As I said earlier if we want to get to the bottom of the bloody crisis on the Plateau, we must first of all accept that it is not a quarrel about religion even though the antagonists have each used it to good effect to drum up support for their side.

The Catholic Archbishop of Abuja and the national President of the CAN, Reverend John Onaiyekan, I believe, got it just about right when he reportedly told Vatican Radio on Monday that the crisis on the Plateau is rooted not in religion but in social, economic, tribal and cultural differences. “Armed people, itinerant pastoralists...” yesterday’s Nation quoted him as saying, “attacked the village of farmers of the Berom ethnic group. It is a classic conflict between pastoralists and farmers.”

 I say the Archbishop got it just about right because the crisis is by far more economic than social, tribal and cultural. After all until the late seventies when power hungry politicians began to use tribe and religion as their primary weapon in seeking for office, the religious and ethnic groups in the state have lived in harmony among themselves.

As I have said identifying and bringing the perpetrators of the killings in Jos to justice and also identifying the essence of the crisis are important as ingredients of the solution to the problem.
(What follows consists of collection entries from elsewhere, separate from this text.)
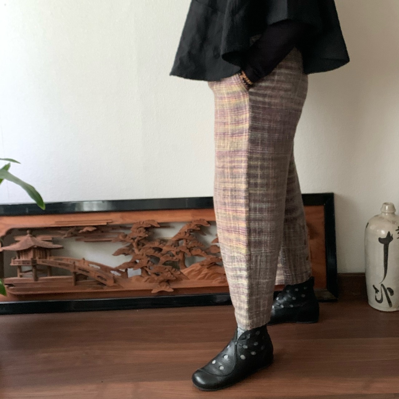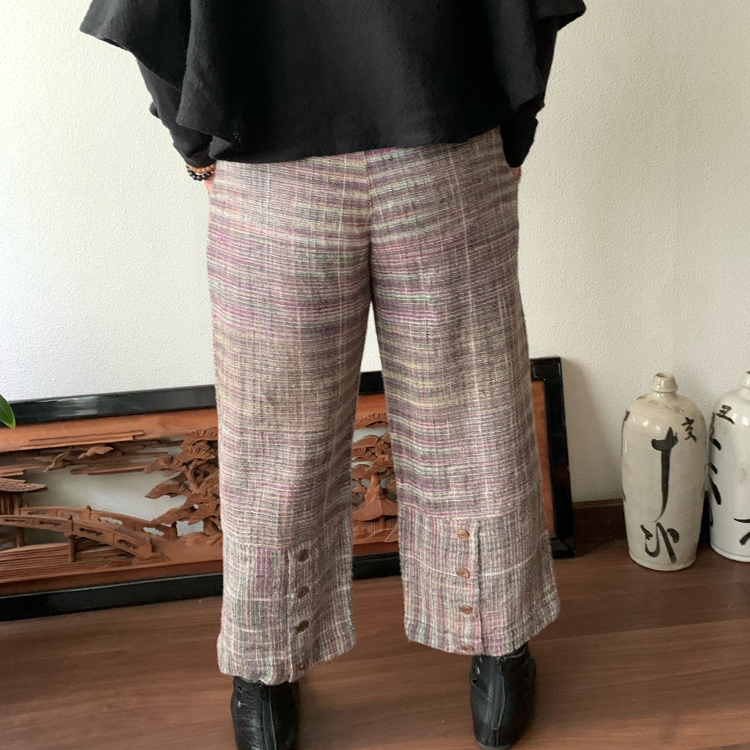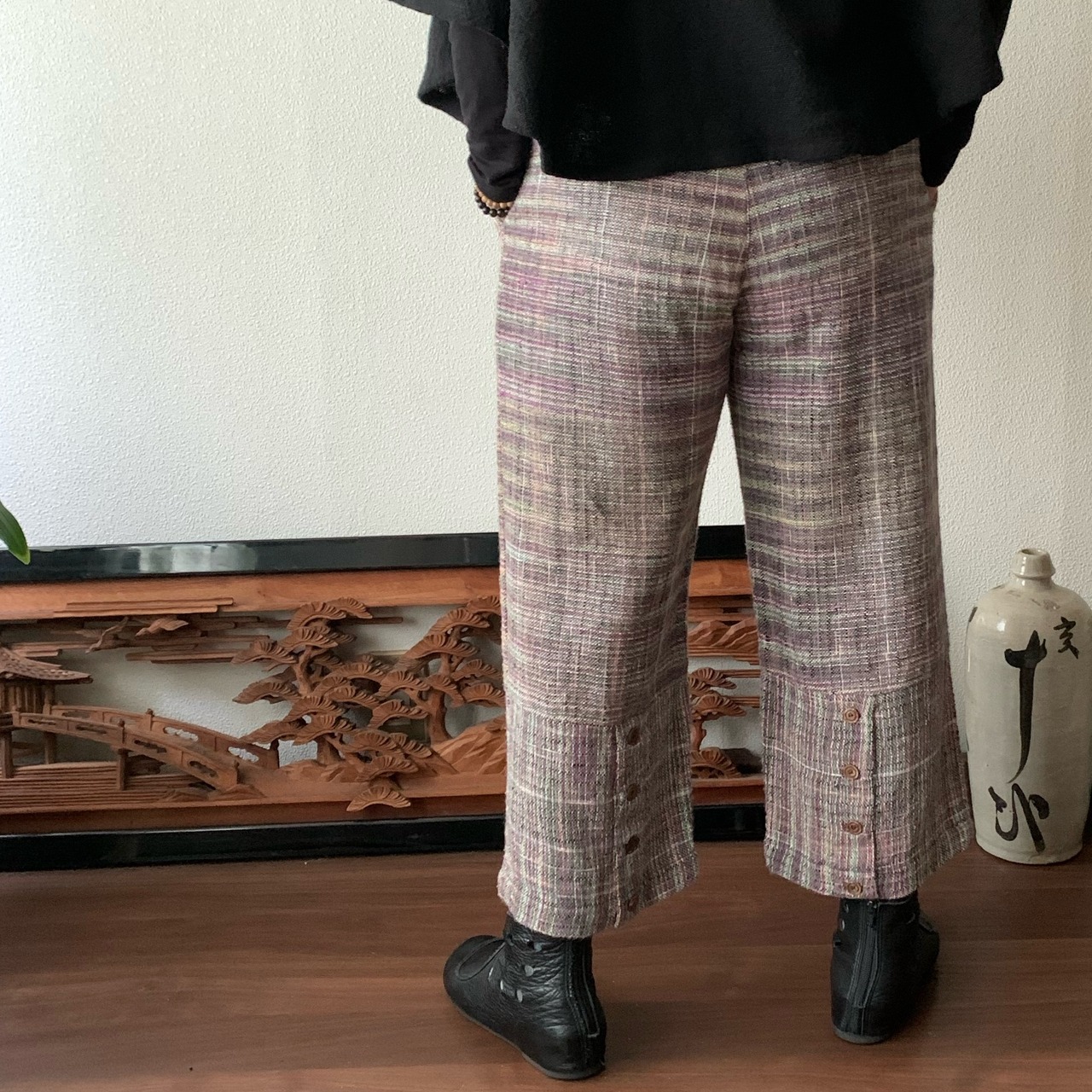 シンプルにはけるけど、裾部分の生地を切り返し、裾後ろボタンをつけて、動きがあって遊び心満載の手織り綿ガウチョパンツになりました。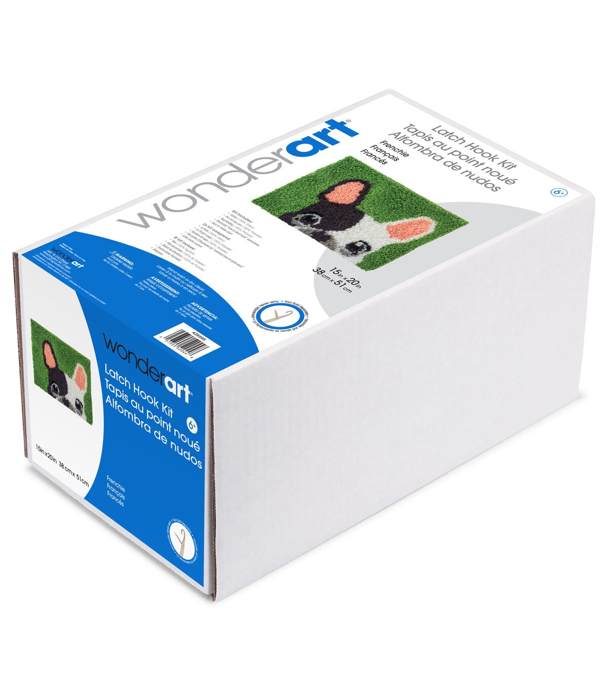 Latch Hook is a fun craft for all ages and skill levels. Small kits are perfect for beginners or quick weekend projects. Finished kits can be made into pillows, wall hangings and more. The 15” x 20” kits feature cotton rug canvas with larger holes and a grid marked on the canvas. This makes it easier for beginners to learn the technique and allows for quicker projects. Latch hook tool not included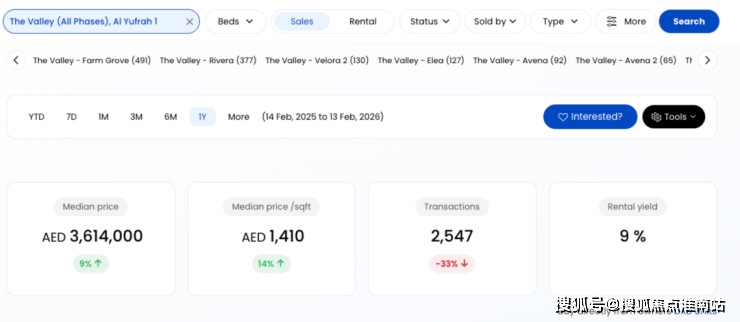 根据DXB(迪拜土地局)的数据可以看到,花溪谷近一年中每平方英尺中位价为1,410AED,同比涨幅达14%,中位总价为3,614,000AED,同比上涨9%,这充分证明了该片区的资产增值能力,花溪谷的租赁收益率稳定在9%,这一数据远超市场平均水平。尽管过去一年交易量同比下降33%,但价格仍保持上涨,这说明该片区的资产价值坚挺,属于“量跌价涨”的优质稀缺板块,买家对其价值高度认可。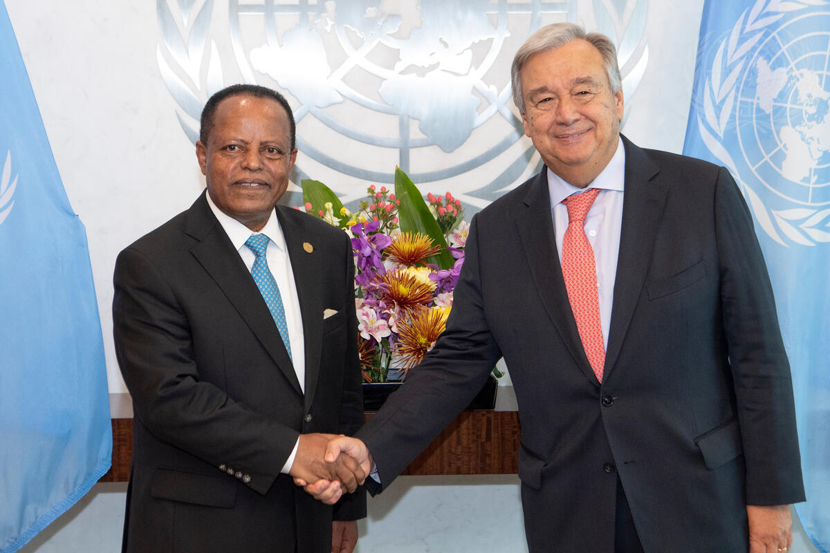 Taye Atske Sellassie Amde (left), new Permanent Representative of the Federal Democratic Republic of Ethiopia to the United Nations, presents his credentials to Secretary General Antonio Guterres.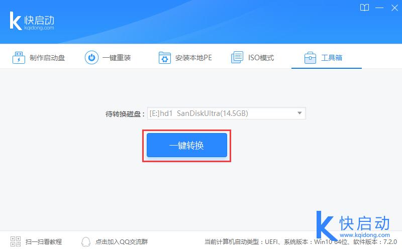![]() 2、選擇需要進行格式轉換的磁盤,然后點擊“一鍵轉換”,隨后U盤啟動盤制作工具便開始進行格式轉換,如下圖所示:

But by far the most important ingredient is the character of the political - and traditional - leadership in the state.

This is what has made a difference in the return of peace to Kaduna State which, until recently, was worse than Plateau State. As a Muslim and “Hausa”, its former governor, Senator Ahmed Mohammed Makarfi, eschewed belligerence towards the Southern Kaduna Christian minority groups that have felt marginalized in the political-economy of the state. Instead he did all he could to assuage those feelings.
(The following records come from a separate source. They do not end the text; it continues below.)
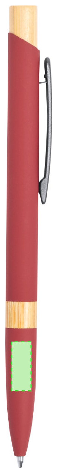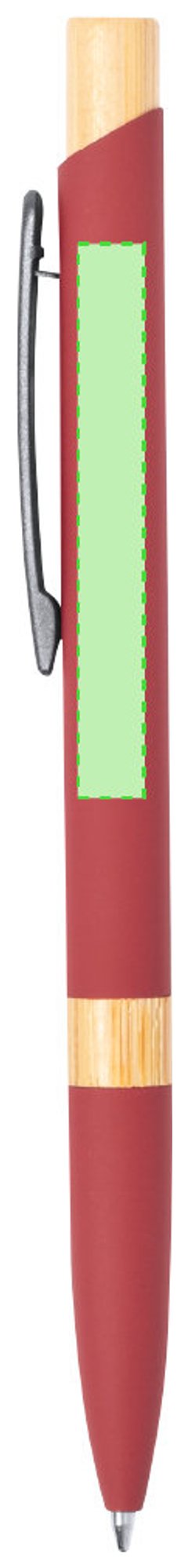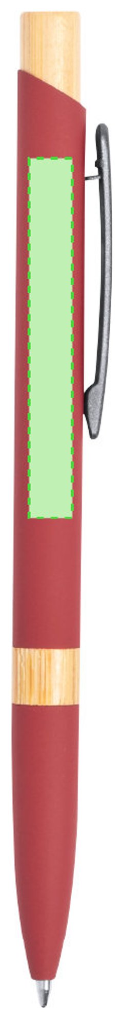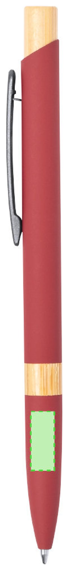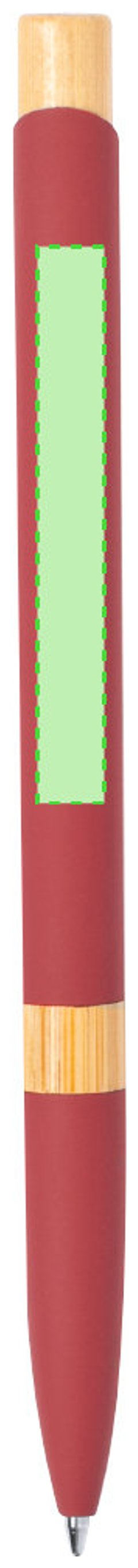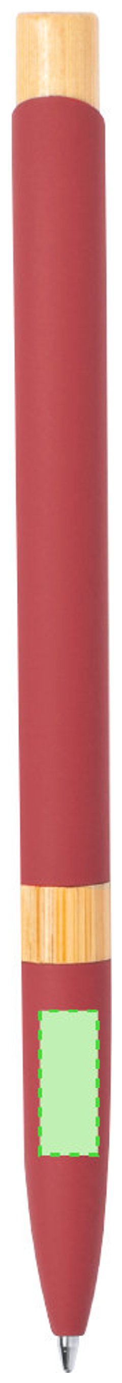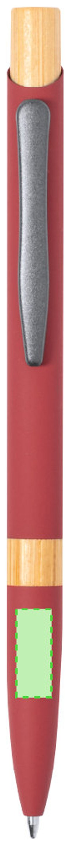Elegante bolígrafo de aluminio con mecanismo pulsador. Cuerpo en resistente aluminio de acabado goma mate y con detalles en bambú, con caña en una amplia gama de distintivos colores. Clip metálico, de carga jumbo y en tinta azul. Presentado en bolsa individual reciclada. Materiales como el bambú fomentan la utilización de materias primas naturales, reduciendo las emisiones contaminantes. Proviene de una planta de gran resistencia y versatilidad, con crecimiento y regeneración rápidos, siendo una excelente alternativa al uso de madera tradicional.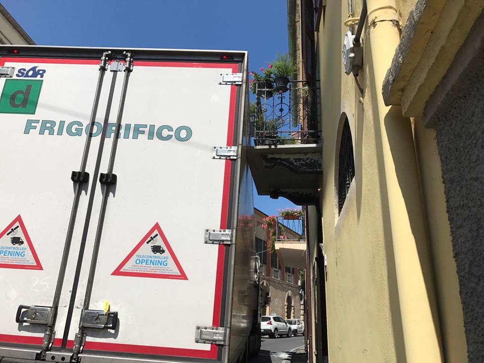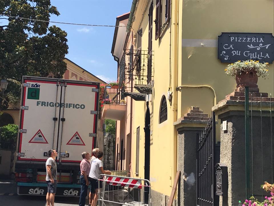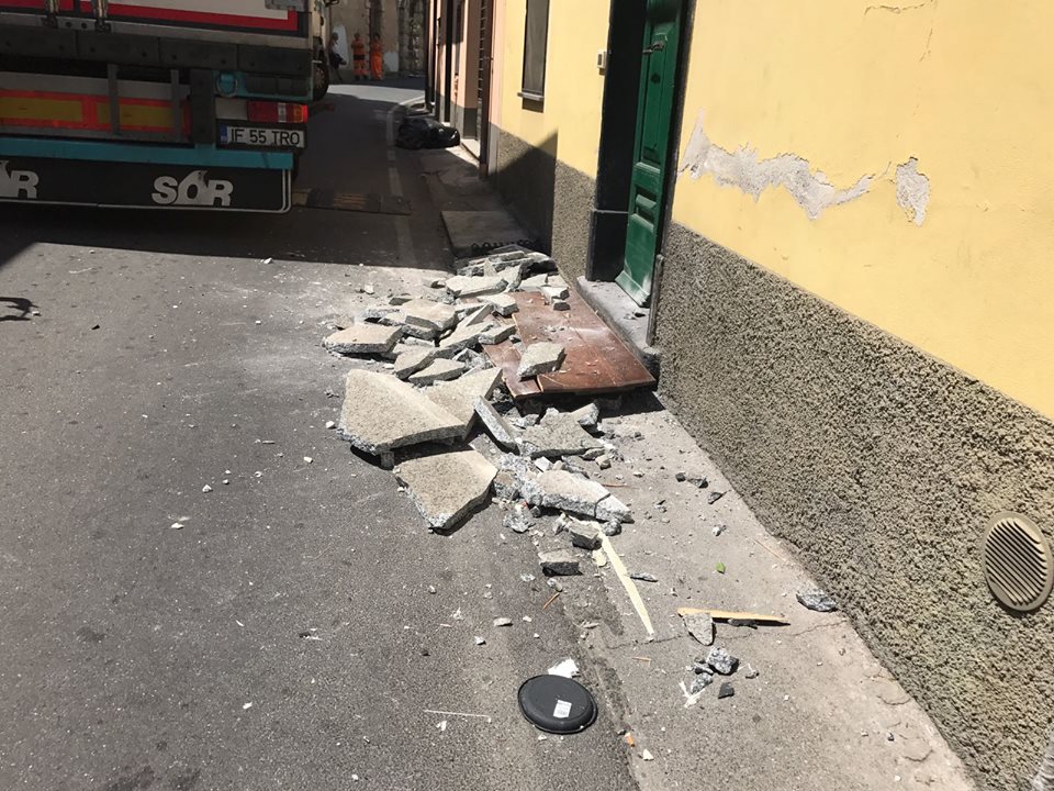 Un camion rimane incastrato nelle strette viuzze del centro storico della frazione Bastia ad Albenga e, per fare manovra e disimpegnarsi dalla problematica situazione, danneggia il terrazzino di una casa.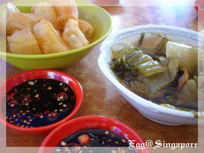地主們像風一樣點了一堆東西,無辜的我們只能在旁邊叫點少點啦!前晚被你們操太晚,到現在還食慾不振@@。過不久,一碟碟寫菜上桌,油條是要放到肉骨茶裡吸湯汁的,不像台灣油條會炸的金黃焦脆,旁邊的酸菜滋味就很棒,酸酸脆脆很入味。

It was also the character of leadership that made the difference in averting what could have easily turned into a religious crisis in Kazaure, Jigawa State, recently following the beating of a son-of-the-soil driver by a traffic police, a beating which resulted in the driver’s death. But for the quick intervention of the Emir of Kazaure, Alhaji Najib Hussaini Adamu who, with his court in tow, physically stood between some rampaging youths and the non-indigenous residents of the police man’s neighbourhood, only God knows what would have happened in the state.  

You can hardly say the same of the character of Governor Jonah Jang who is fond of reminding anyone who would listen that he is an old soldier ready to fight his enemies, real or imagined. This, in a state that sorely calls for the language of reconciliation.
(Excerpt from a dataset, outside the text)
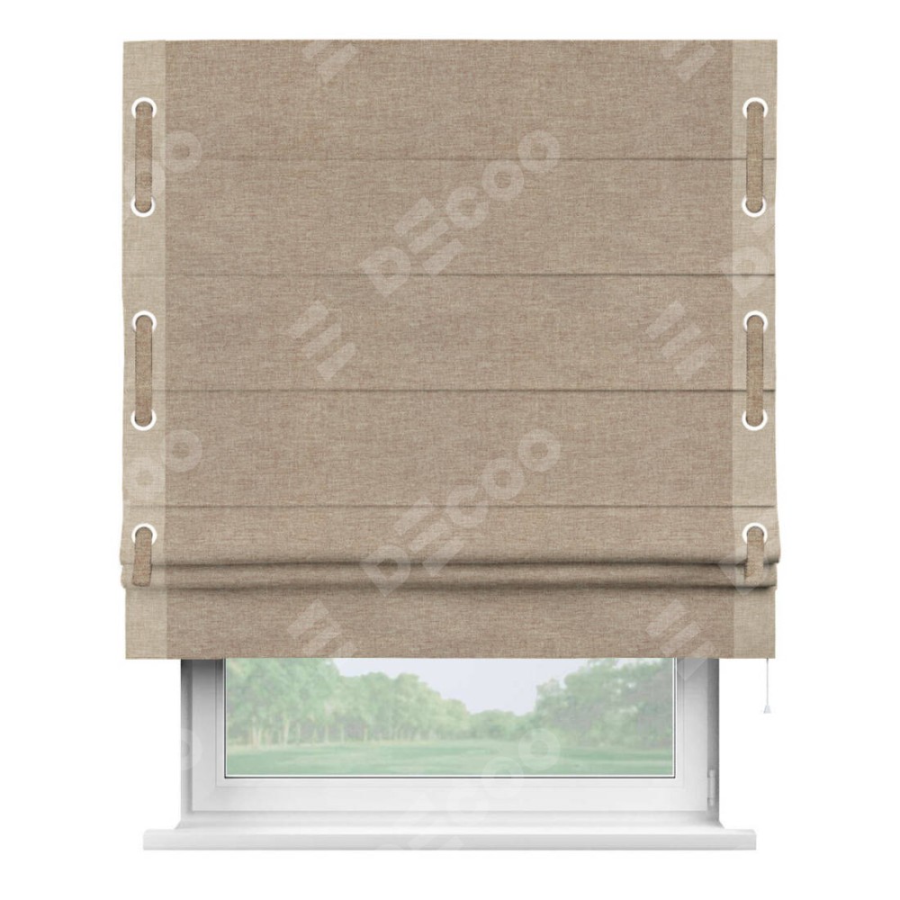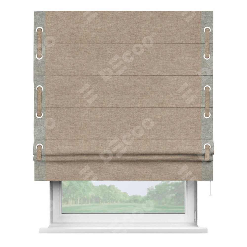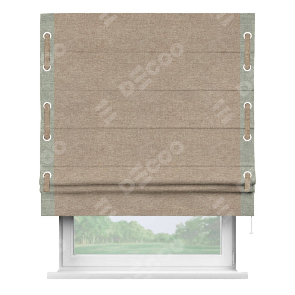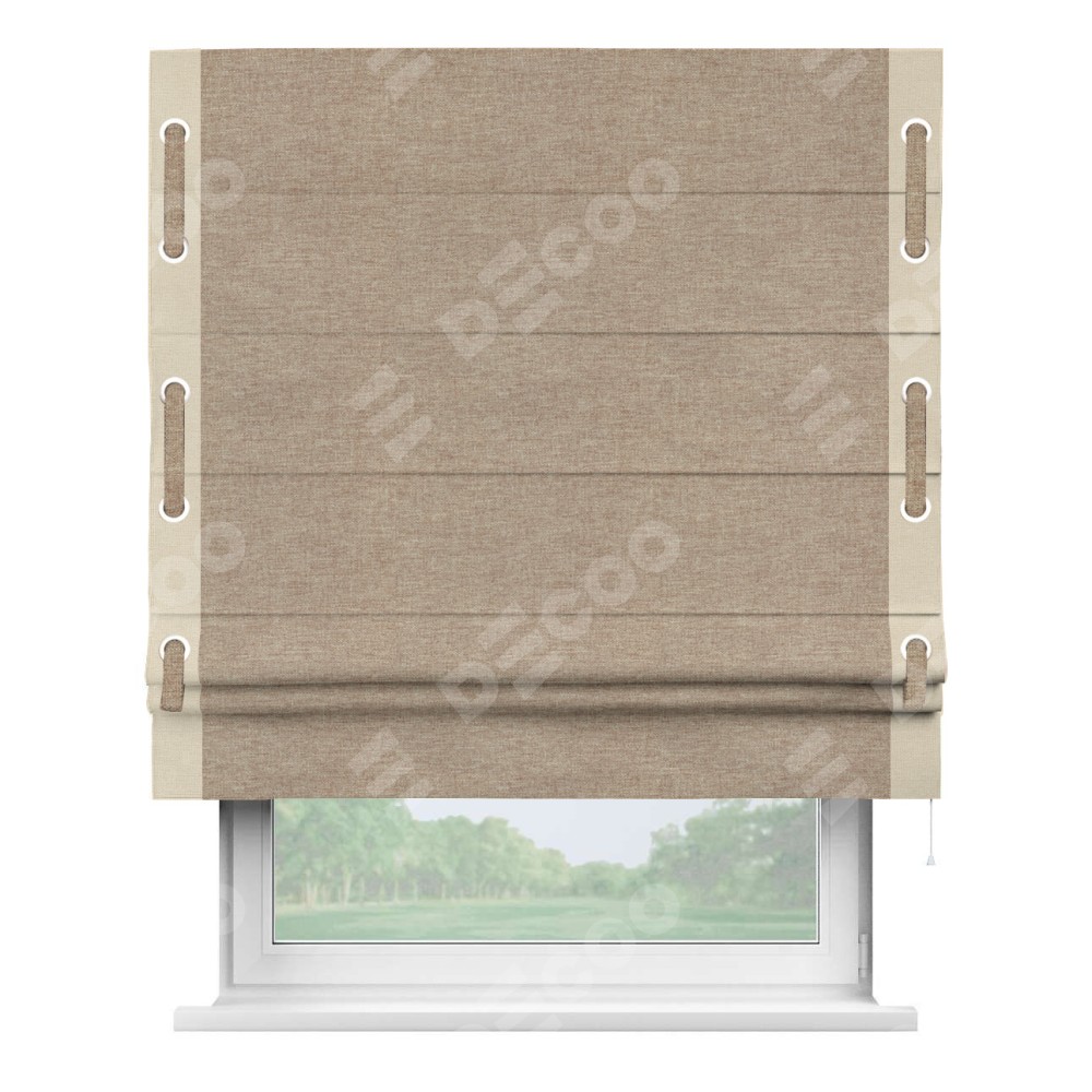 Римская штора производителя «Cortin», используется для проёма, пошита из ткани лён кашемир коричневый, артикул 21614. Отделка шторы кантом «Стрим Дуо» на кантах расположены люверсы с пояском, ткань для канта используется из льна разной расцветки на выбор. Ткань для пояска обычно используется из основной ткани шторы, а так же можно сделать из любой расцветки по желанию. Имеет универсальный механизм и подходит для монтажа: на потолок, на стену и в нишу.

For instance only the other day in late February he used the occasion of commissioning some projects in Pankshin to remind those he called his enemies that they would be making a mistake if they think they can get away with making trouble in the state. “They do not know,” he was quoted as saying by Peoples Daily of February 25, “I am an old soldier ready to fight to my last blood.”

This cannot be the attitude of a leader who wants peace in his state. Jang must accept that he is the governor of all the residents in his state and not just of the Berom, his ethnic group. He therefore has the moral and constitutional responsibility to protect the lives, limbs and property of all the residents of his state regardless of their tongue or religion.

Unless the political - and traditional - leaders on the Plateau imbibe the spirit of tolerance that has worked the magic in the hitherto violence-prone Kaduna State, last Sunday’s massacre can only lead to an ever escalating vicious cycle of bloodletting which may ultimately spell the end of Nigeria as we know it.

Of course tolerance must be a two-way street between antagonists. But the onus for ending the hostilities in any society lies with its leaders rather than with its followers because, with or without society’s consent, its system of reward and punishment lies in their hands.

Surely it does not say much for the quality of Jang’s governorship that under his watch there has been at least three well-known attempts at ethnic cleansing.